Impossibile arrestare le lancette, impraticabile procrastinare ancora la partenza, il tempo inchiodava per la prima volta i due avventurieri che si diressero verso la stazione Termini alle 13.00.

Al binario 6, numero tanto caro all’Azzurro, si consumò l’arrivederci approfittando della pazienza del capo treno che aveva già il fischietto in bocca. Nessun imbarazzo ma quel senso di tristezza classico di quando una grande avventura volge alla fine, quando per una volta il fomento viene superato dalle scadenze e dai doveri. Trentasei ore dopo lei infatti sarebbe ripartita per Dublino, dove si erano incontrati casualmente e mai salutati.

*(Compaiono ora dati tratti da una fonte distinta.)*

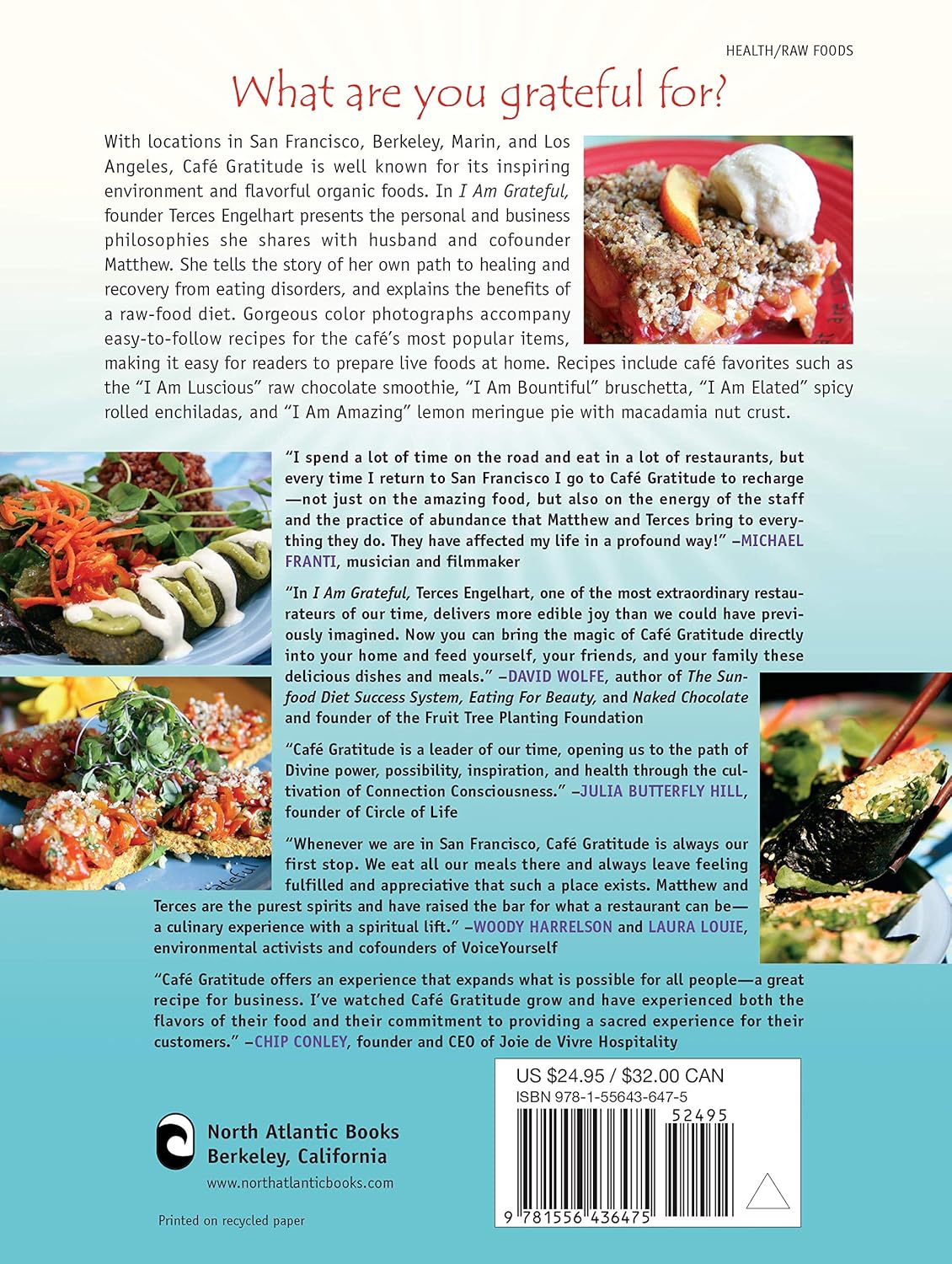 With locations in San Francisco, Berkeley, Marin, and Los Angeles, Café Gratitude has become well known for its inspiring environment and distinctive, flavorful organic foods. In I Am Grateful, cofounder Terces Engelhart presents her and her husband Matthew’s view of life and business philosophy. She also presents her story of personal healing, sharing highlights of her recovery from food addiction while explaining the benefits of a raw lifestyle. The book’s gorgeous, full-color photographs accompany easy-to-follow recipes for the café’s most popular items, making it easy for readers to prepare live foods at home. Recipes include café favorites such as the “I Am Luscious” raw chocolate smoothie, “I Am Bountiful” bruschetta, “I Am Elated” spicy rolled enchiladas, and “I Am Amazing” lemon meringue pie with macadamia nut crust.

Travolti da undici giorni inattesi, avvolti da un alone perpetuo di carica si salutavano con quei puntini di sospensione che sono la coda immancabile in situazioni del genere, punti che rimandano ovviamente a quello che accadrà in seguito, puntini di sospensione che ti auguri di trasformare in punti esclamativi. Prima o dopo.

 

« Sì, perché il ciclone, quando arriva, non è che t’avverte. Passa, piglia e porta via. E a te, ‘un ti rimane altro che restare lì, bòno bòno a capire che, forse, se ‘un fosse passato, sarebbe stato parecchio, ma parecchio peggio »

 

(Leonardo Pieraccioni – Il Ciclone).